Manual — Database-backed causal tagging for O-Tags, R-Tags, and V-Pols

This chapter extends The Tag Trinity with the database shape behind the tags. The important design decision is simple: tags should be boring database identifiers and relationships, not clever encoded strings.

1) Why a matrix exists

Traditional systems are good at answering what changed. The Brainframe needs to answer:

  • what changed;
  • what caused it;
  • which decision branch produced it;
  • which policy, authority, or precedent allowed it;
  • what downstream effects followed.

The tag matrix is the structure that makes those answers queryable. It treats operations as a causal graph: one event can cause many events, one event can have more than one cause, and any affected row or card should be traceable back to its origin.

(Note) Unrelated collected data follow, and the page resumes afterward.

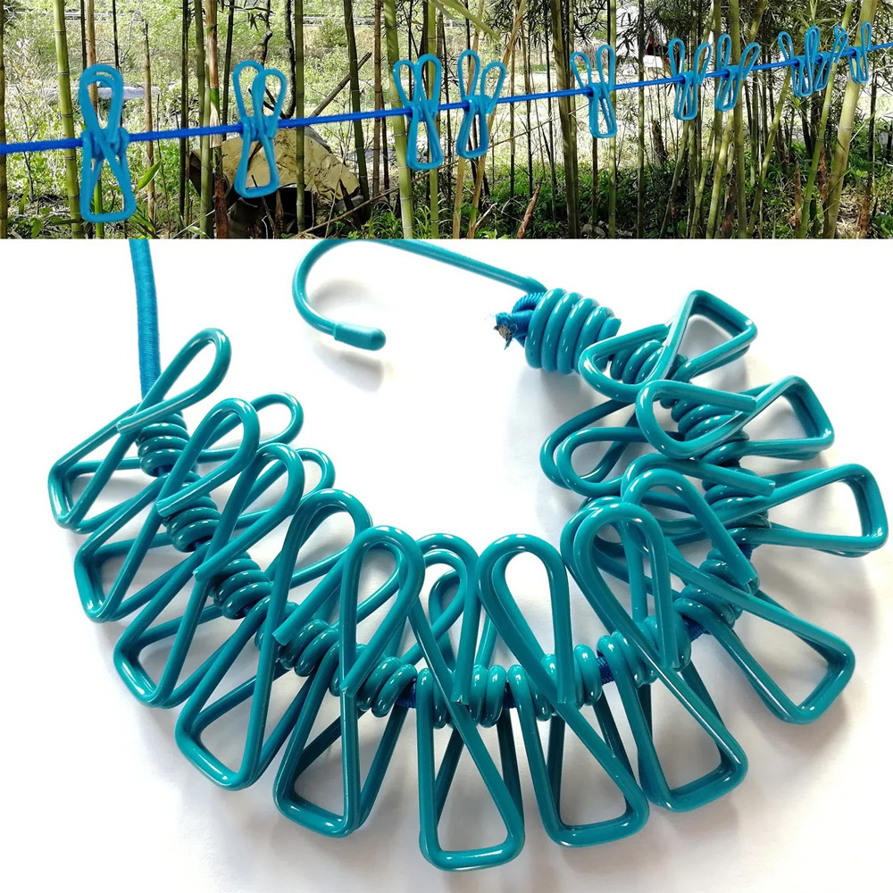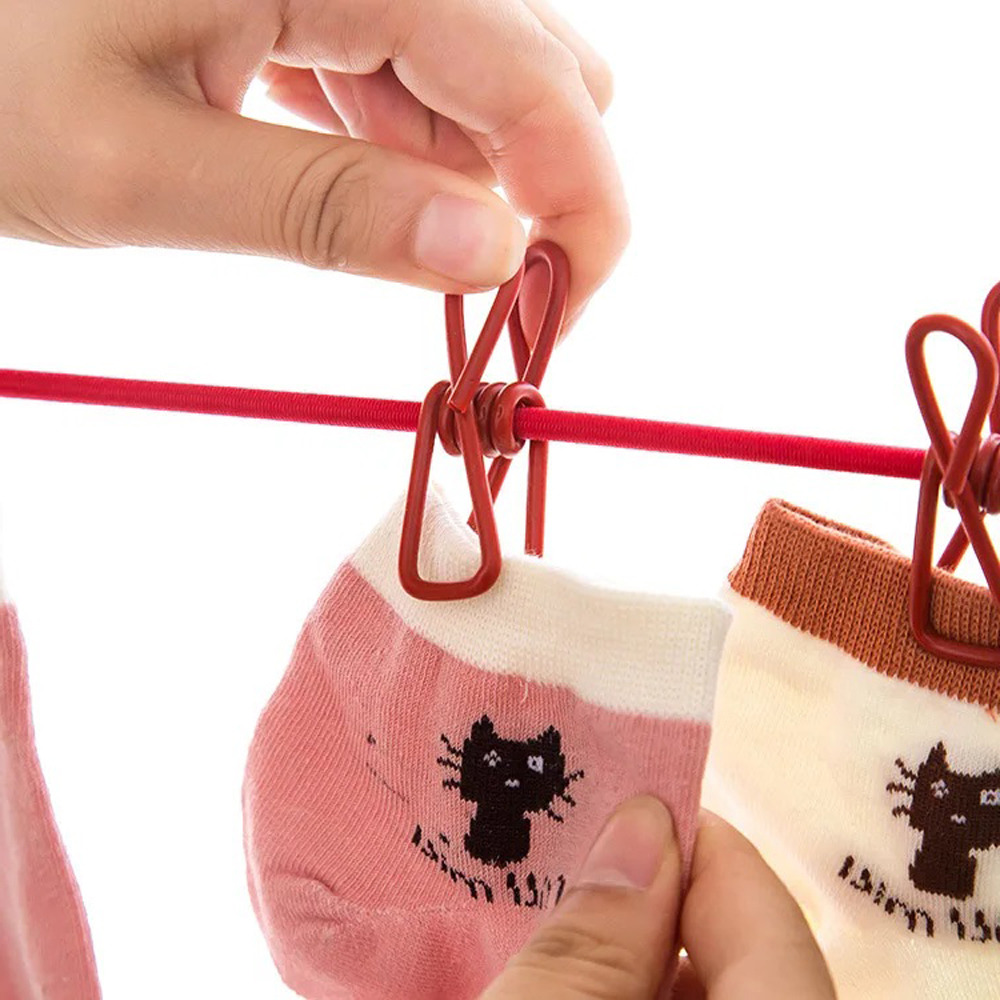 - 12 گیره لباس طراحی شده بر روی بند با قابیت حرکت در طول بند برای ثابت نگه داشتن لباس ها
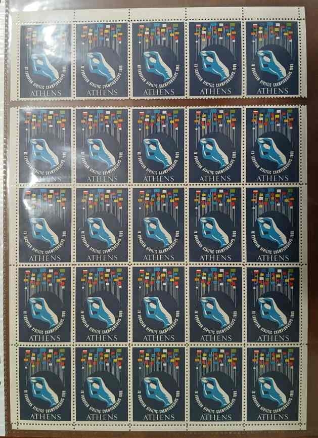 Lot2069 - ΕΛΛΑΔΑ Φύλλο 25 τεμαχίων για το IX Ευρωπαϊκό Πρωτάθλημα Αθλητισμού, 1969. Στην αγγλική γλώσσα. Το φύλλο είναι κομμένο σε 2 μέρη
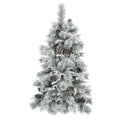 4Ft Pre Lit Spruce Snow Flocked Christmas Tree With Pine Cones, Artificial Xmas Tree With 170 Branch Tips,Mixed Pe & Pvc Branches, 120 Multi Color Led Lights, 11 Flashing Modes, Holiday D Cor White Green Polyethylene,Pvc
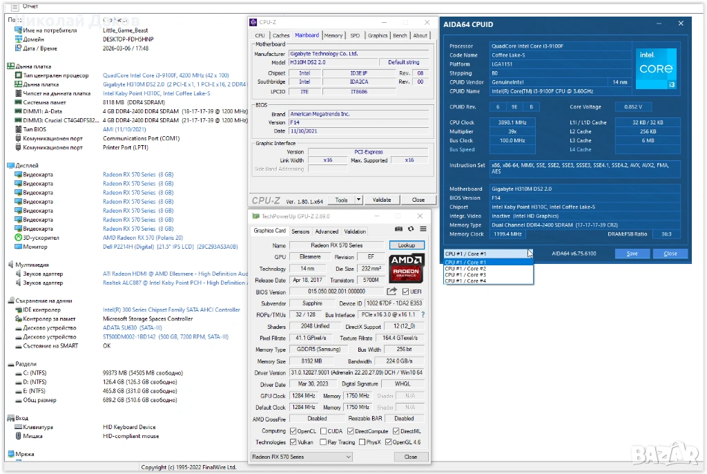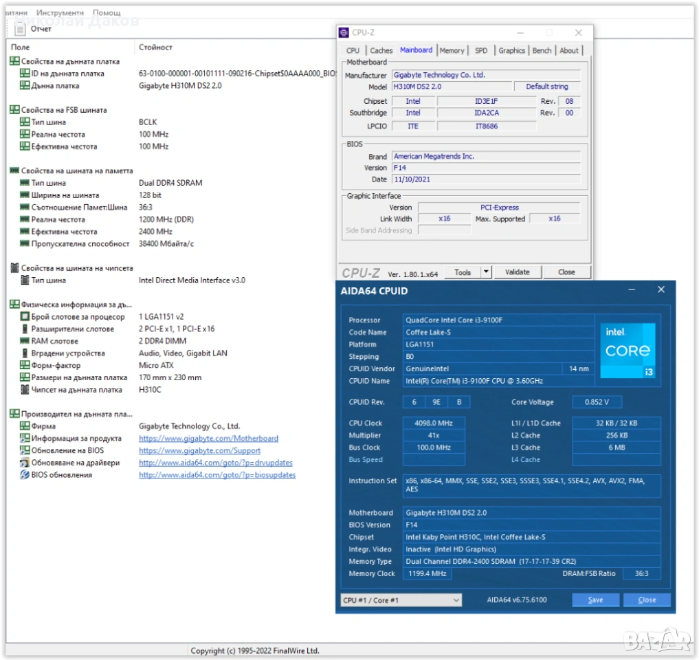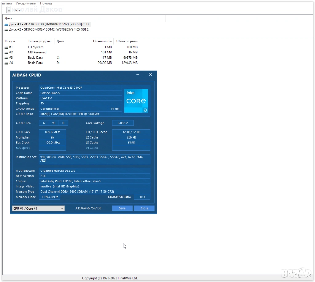 3.Дънна платка: Gigabyte H310M-DS2 rev. 2.0. Нищо екзотично, поддържа 8-мо и 9-то поколение Интел без изключения, с I5/I7 процесор поддържа и ХМР на 2666, работи без забележки, с настоящия проц държи рамта на 2400, и такава е монтирана. Специално да се види, че и вграденото видео работи, правих скрийн и с I3-8100, но някъде го потурчих. При сериозно желание мога да направя скрийн, да се види, че и вграденото видео работи.

2) The design choice: IDs, not encoded strings

The early tag idea used compact self-describing strings. That is useful in theory, but it creates avoidable complexity in production.

The preferred Brainframe model is:

NeedPreferred mechanism
unique tag identitydatabase sequence / BIGINT ID
chronologydatabase timestamp
cause/effect linksparent-child edge row
explanationevent payload, reason log, policy reference
compact operational payloadO/R/V IDs

This keeps tags copy/paste safe, easy to query, and effectively unlimited for RABS purposes.

3) The two-layer model

Event/action log

The event log records that something happened.

Typical fields:

  • event ID;
  • created timestamp;
  • actor or source (system, human, reggie, henry, webhook, job, script);
  • bucket or domain (Comms, Billing, Scheduling, Transport, Incident);
  • event type;
  • compact description or payload reference;
  • optional O/R/V fields or related reason/policy references.

Causality matrix

The matrix records only relationships.

parent_event_id -> child_event_id

It is intentionally small. It does not need names, descriptions, or long text. Those live on the event/action rows. The matrix's job is to say "this caused that."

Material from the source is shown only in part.